Macron en pleine immersion populaire dans la Drôme

par Denis Lensel

samedi 26 janvier 2019

Emmanuel Macron a su créer la surprise cette semaine en s’invitant à un débat de la population de Bourg-de-Péage dans la Drôme : il s’est plongé dans un échange de plus de trois heures avec environ deux cents habitants de cette localité, peu après une première rencontre avec une soixantaine de maires du département et avec Laurent Wauquiez à Valence, puis après un dialogue informel avec des personnes âgées dans une structure d’accueil de jour.

S’intégrant dans une des étapes locales du grand débat national lancé ce mois-ci, le président de la République a pu rencontrer ainsi directement des citoyens français, parmi lesquels plusieurs « gilets jaunes », en se prêtant au jeu des questions et des réponses animé par Mme la maire PS de la ville, elle-même prévenue peu auparavant. Un jeu dans lequel il s’est vite senti à l’aise, renouant un peu avec l’ambiance de sa campagne électorale de 2017, bien que le contexte de la fronde des « Gilets jaunes » soit beaucoup plus tendu…

Parfois interpellé par des contradicteurs acides, mais souvent applaudi, Macron était entraîné par la vitesse acquise de ses deux marathons de la semaine précédente parmi 600 maires normands puis autant de maires occitans : mis en cause comme ancien collaborateur d’une banque d’affaires, il a rétorqué : « Je ne suis pas un héritier, personne dans ma famille n’était banquier, ni politicien, ni énarque. Si j’étais né banquier d’affaires ou avec une cuillère en argent dans la bouche, vous pourriez me faire la leçon. Ce n’est pas le cas. »… Le reste de cette longue soirée, il a répondu à des questions très diverses dans une ambiance plus détendue, depuis des cas personnels parfois dramatiques jusqu’à des questions de politique générale ou de fiscalité.

Face à l’accusation de mépris ou d’indifférence vis-à-vis des protestataires, Macron oppose cet argument : « Je ne vais pas faire de débat avec des « gilets jaunes », sinon ils vont refuser de parler avec les maires. Et ça voudrait dire quoi ? Que ceux qui n’ont pas de gilet jaune ne méritent pas de débat ? Je débats avec des citoyens de la République ».

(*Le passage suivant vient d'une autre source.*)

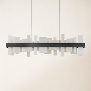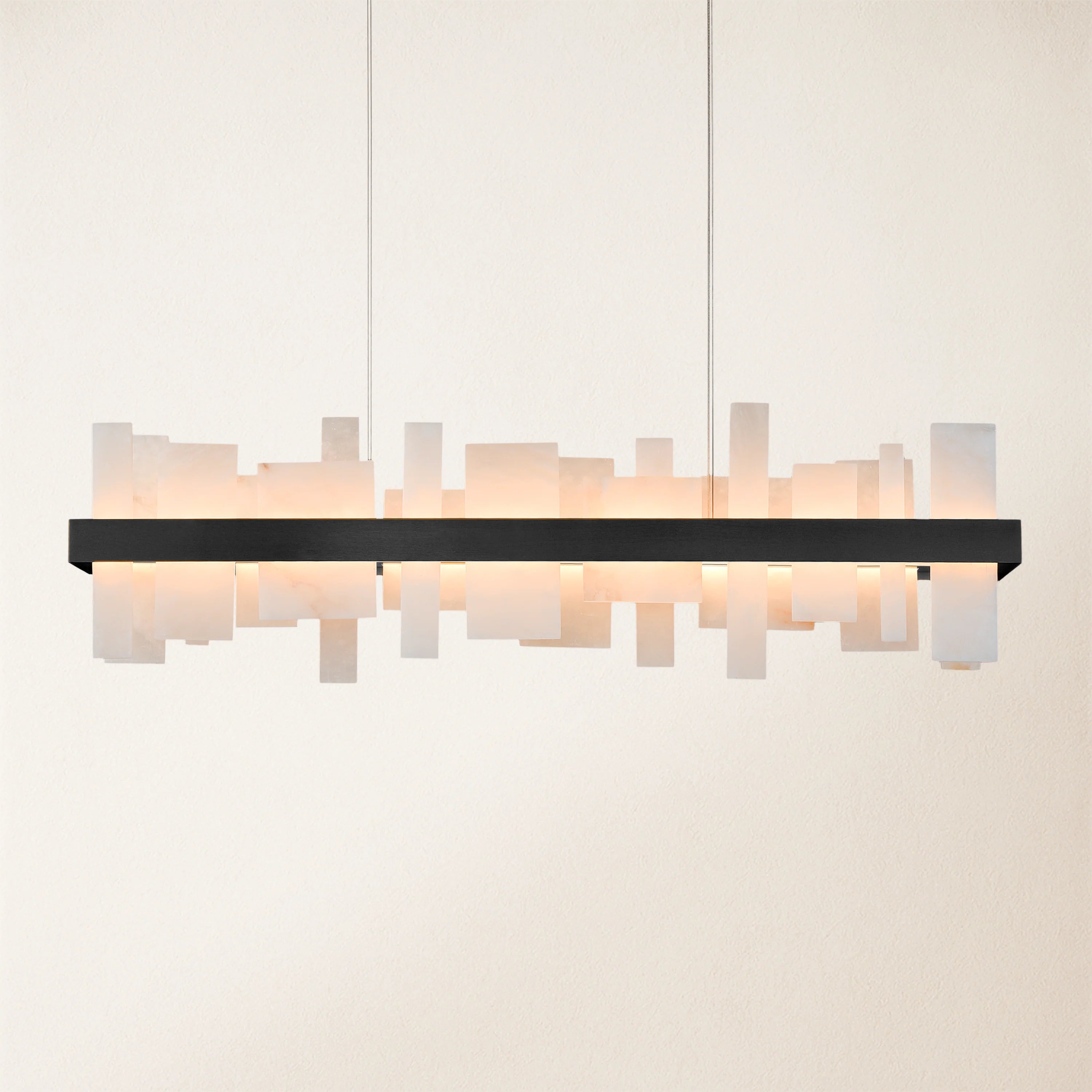 The Nocturne Alabaster Series features a sculptural halo of hand-cut Spanish alabaster panels, gently diffusing a soft, ambient glow. Its minimalist profile and warm luminosity make it ideal for dining rooms, living areas, or entryways, while the naturally veined stone ensures every fixture is uniquely beautiful. Designed for adjustable suspension and sloped-ceiling compatibility, it suits both modern and classic interiors.
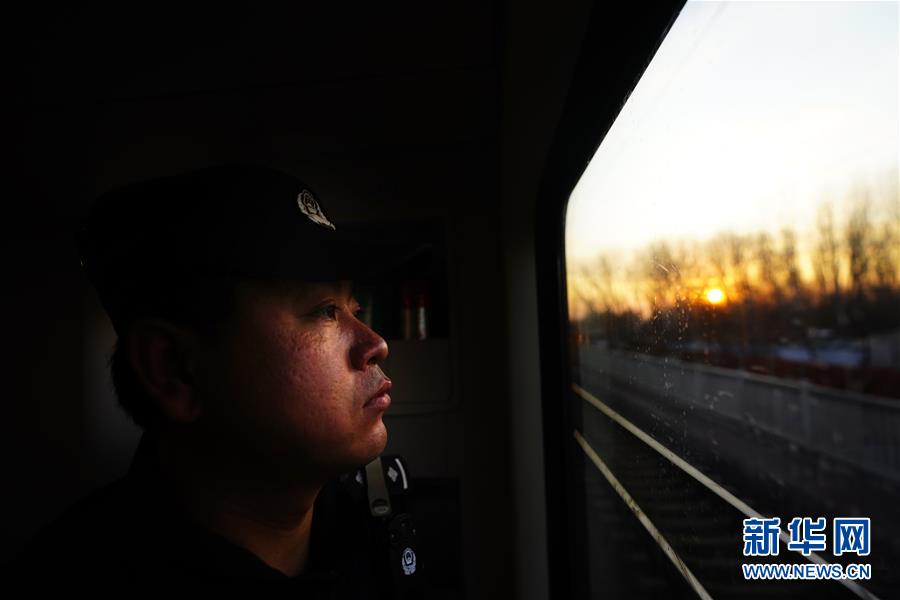 1月14日,陈大伟在列车上凝望窗外的夕阳。新华社记者 邢广利 摄
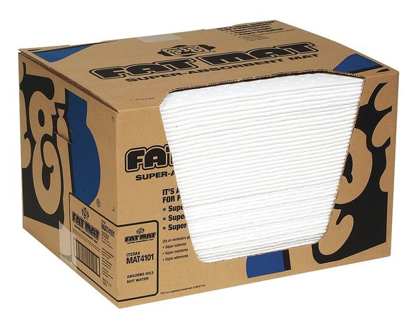 SKU G8469806CategoriesDescription Product Type Sorbent Pad, Fluids Absorbed Oil-Only, For Use With Chemical or Metal Type Oil Only, Size 16 in x 20 in, Volume Absorbed Per Pad 56 oz, Volume Absorbed per Pkg. 22 gal, Color/Pattern White, Material Polypropylene, Number of Layers 16-ply, Perforated Yes, Perforated Size 8 in x 20 in, Package Quantity 50graingerSKU: 30RA10, mscSKU: 19826635, zoro_no: G8469806, mongo_id: 65bbe81a9a749db82277564b
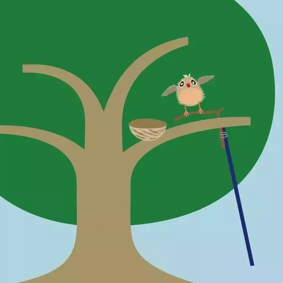 借助梯子或长杆将幼鸟送回树
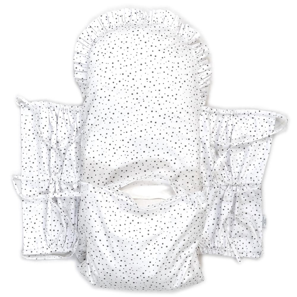Perinka SOFTELLO je vyrobená z kvalitného bavlneného saténu s našim vlastným originálnym dizajnom. Tento materiál je na dotyk v porovnaní s klasickou bavlnou oveľa príjemnejší a hebkejší, a preto zaručí vášmu bábätku príjemné teplo. Má tvar obdĺžnika, a zaoblenú stranu zdobí malý volánik. Zaväzuje sa tromi šnúrkami, pevne všitými v bočných dieloch, takže nemusíte mať obavu, že by sa vám šnúrka mohla vyvliecť. Vnútornú výplň je možné vybrať, čím značne zjednodušuje jej údržbu a predlžuje jej životnosť.

Interrogé sur l’hypothèse de « referendums d’initiative citoyenne », Emmanuel Macron s’est montré assez réservé, sans écarter totalement cette idée, estimant qu’« on ne gouverne pas un pays par referendum ». Et observant, à l’heure du « Brexit », qu’« en Europe, des referendums ont été manipulés par des puissances étrangères »…

Le lendemain, c’était au tour du Premier ministre Edouard Philippe de se lancer dans une rencontre semblable avec des « citoyens de la République », dans le département des Yvelines : y est-il allé à plus ou moins de 80 km/h, cela n’a pas été précisé officiellement, mais ce n’était pas le seul sujet de ce nouvel échange…

De telles rencontres avaient été décidées pour renouer un dialogue trop longtemps interrompu ou mal engagé entre la population et plusieurs générations de dirigeants politiques. Il semble que ces initiatives puissent porter des fruits, en permettant l’expression des uns et l’écoute des autres, et en levant d’éventuels malentendus. Ou en désarmant des hostilités solidement ancrées… Mais ce n’est pas une mince affaire.